Through the shedding of blood a covenant binds together two or more parties for specific purposes. The Hebrew word for covenant (Berith) literally means to cut a covenant. The Bible does not know of a covenant without blood. The blood is shed for the purpose of underlining the serious purpose of a covenant (blood represents the pledge of a life), as well as the deadly serious consequences should either party fail to keep their part.) God’s covenants with man are distinguished by His setting all the stipulations and requirements for both parties, not to mention His readiness to bear ultimate responsibility for seeing that His covenants are kept.
God made covenants with Adam (Gen. 3:14-19), Noah (Gen. 9:1-17), Abraham (15:1-21; 17:3-5; 22:15-18), Moses/Israel (Ex. 19ff), David (II Sam. 7:1-17, and finally the New Covenant through Christ (Jeremiah 31:31-37, Mat. 26:28).

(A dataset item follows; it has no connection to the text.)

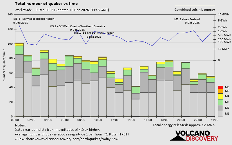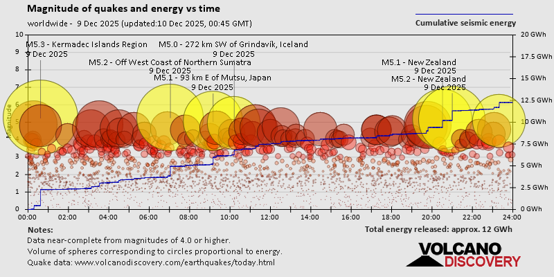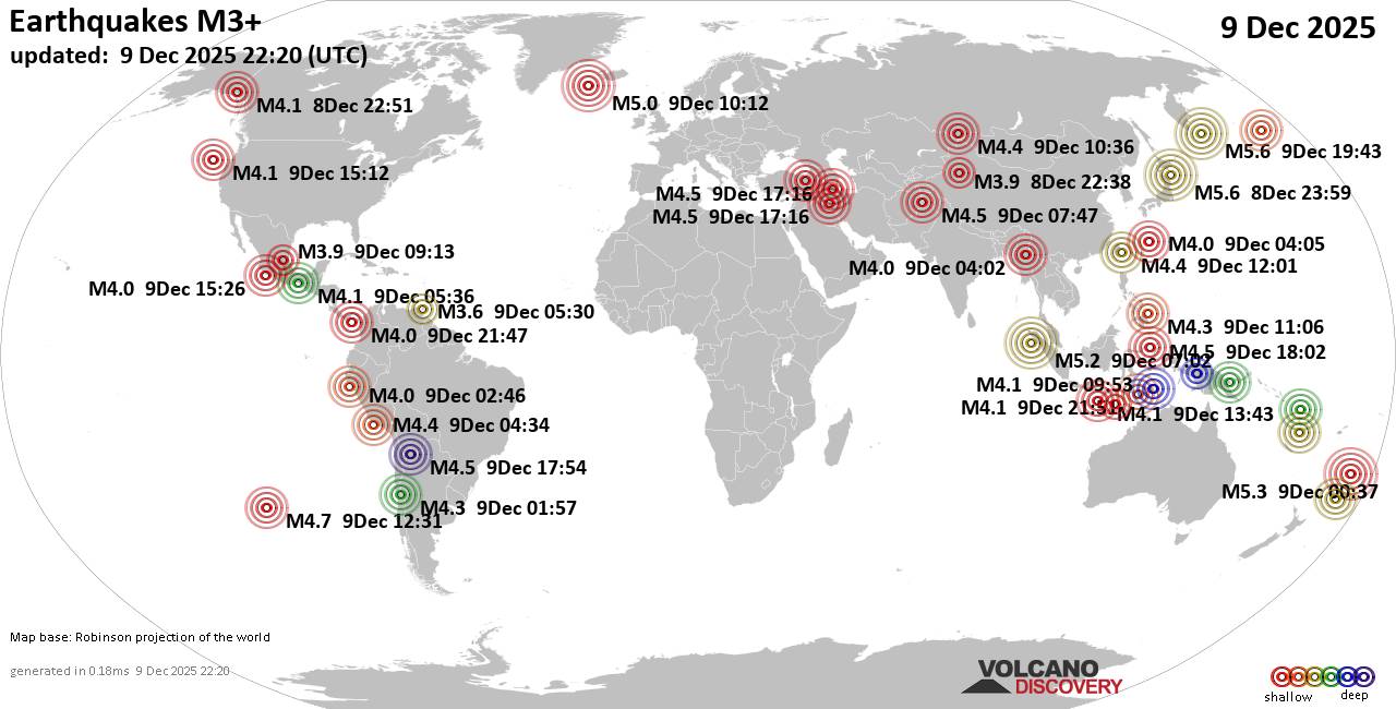 World Earthquake Report for Tuesday, 9 December 2025 Worldwide earthquakes above magnitude 3 during the past 24 hours on 9 Dec 2025 Summary: 8 quakes 5.0+, 57 quakes 4.0+, 180 quakes 3.0+, 454 quakes 2.0+ (699 total)This report is being updated every hour.Magnitude 5+: 8 earthquakes Magnitude 4+: 57 earthquakes Magnitude 3+: 180 earthquakes Magnitude 2+: 454 earthquakes No quakes of magnitude 6 or higher 10 largest earthquakes in the world (past 24 hours)Wednesday, Dec 10, 2025, at 06:43 am (GMT +11) - Tuesday, Dec 9, 2025, at 09:59 am (GMT +10) - Tuesday, Dec 9, 2025, at 12:37 pm (GMT +12) - Tuesday, Dec 9, 2025, at 09:00 am (GMT -12) - Tuesday, Dec 9, 2025, at 02:02 pm (Jakarta time) - Tuesday, Dec 9, 2025, at 06:09 pm (GMT +9) - Tuesday, Dec 9, 2025, at 08:31 am (GMT -12) - Tuesday, Dec 9, 2025, at 08:12 am (Reykjavik time) - Tuesday, Dec 9, 2025, at 01:33 pm (Port Moresby time) - Wednesday, Dec 10, 2025, at 02:48 am (Jakarta time) - Earthquakes reported feltTuesday, Dec 9, 2025, at 03:50 am (GMT +1) - Monday, Dec 8, 2025, at 02:55 pm (GMT -8) - Monday, Dec 8, 2025, at 09:39 pm (Chicago time) - Tuesday, Dec 9, 2025, at 07:05 am (GMT +1) - Tuesday, Dec 9, 2025, at 02:02 pm (Jakarta time) - Tuesday, Dec 9, 2025, at 05:36 pm (Barnaul time) - Tuesday, Dec 9, 2025, at 12:01 am (GMT +1) - Tuesday, Dec 9, 2025, at 10:18 pm (GMT +4) - Tuesday, Dec 9, 2025, at 04:11 pm (GMT +1) - Tuesday, Dec 9, 2025, at 12:01 am (GMT -8) - Tuesday, Dec 9, 2025, at 06:09 pm (GMT +9) - Wednesday, Dec 10, 2025, at 02:48 am (Jakarta time) - Monday, Dec 8, 2025, at 10:05 pm (GMT -8) - Tuesday, Dec 9, 2025, at 08:46 pm (Tehran time) - Tuesday, Dec 9, 2025, at 09:45 pm (Istanbul time) - Tuesday, Dec 9, 2025, at 04:11 pm (GMT +1) - Tuesday, Dec 9, 2025, at 09:59 am (GMT +10) - Tuesday, Dec 9, 2025, at 03:34 pm (Istanbul time) - Tuesday, Dec 9, 2025, at 05:34 pm (GMT +1) - Tuesday, Dec 9, 2025, at 02:46 am (Santiago time) - Monday, Dec 8, 2025, at 10:25 pm (GMT -6) - Wednesday, Dec 10, 2025, at 02:06 am (GMT +11) - Tuesday, Dec 9, 2025, at 04:01 am (GMT -5) - Tuesday, Dec 9, 2025, at 04:48 pm (Yangon time) - Monday, Dec 8, 2025, at 10:57 pm (Santiago time) - Monday, Dec 8, 2025, at 11:50 pm (GMT -3) - Earthquake stats  https://www.volcanodiscovery.com/earthquake/news/289038/World-Earthquake-Report-for-Tuesday-9-December-2025.html

Attributes of Biblical covenants
- define His relationship with the world. (God sets the terms and makes the promises necessary to see that the covenants are kept.)
- Each covenant maintains the essence of the previous covenants.
- Each builds on the preceding covenants (deepens, widens, sharpens).
- All are ultimately Spiritual in nature and focus.
- All testify to God’s increasingly personal relationship with mankind.
- All are summed up in the New Covenant established in Jesus’ blood. In His death on the cross Jesus paid the penalty for all our covenant breaking and established the New Covenant by which God promises His Holy Spirit (salvation) to all who believe in Christ.
The church covenant is like many previous covenants that God’s people have made, in that it is a secondary means for us to commit to help one another live up to the high calling of God’s New Covenant established in Christ.
The concept of a secondary covenant is well-established in Scripture.
– Jonathan and David made three covenants together (I Sam.18:3; I Sam. 20:16; I Sam. 23:18)
– David made a covenant with Israel when they made him king (II Sam. 5:3)
– When King Josiah of Judah led the people into spiritual revival, they made a covenant together to serve the Lord (II Kings 23:3).
Purposes of Secondary Covenants
- Each is built upon God’s covenant purposes (response and reflection).
- Each is an additional way for believers to indicate their readiness to keep faith with God and their covenant partners.
- Like the Lord’s Supper, these extra covenants signify a renewal of covenant commitment under the New Covenant!
- These covenants are a way to apply God’s overall covenant commands and promises to specific needs in real time. (For HBC we’re talking about Life in Christ’s body, which requires Unity, Responsibility, Ministry, Public Confession)
Where Covenant touches your life
- Are you in the New Covenant?
- Is your faith man-centred or God-centred?
- Do you need to strengthen your commitment to Christ’s body?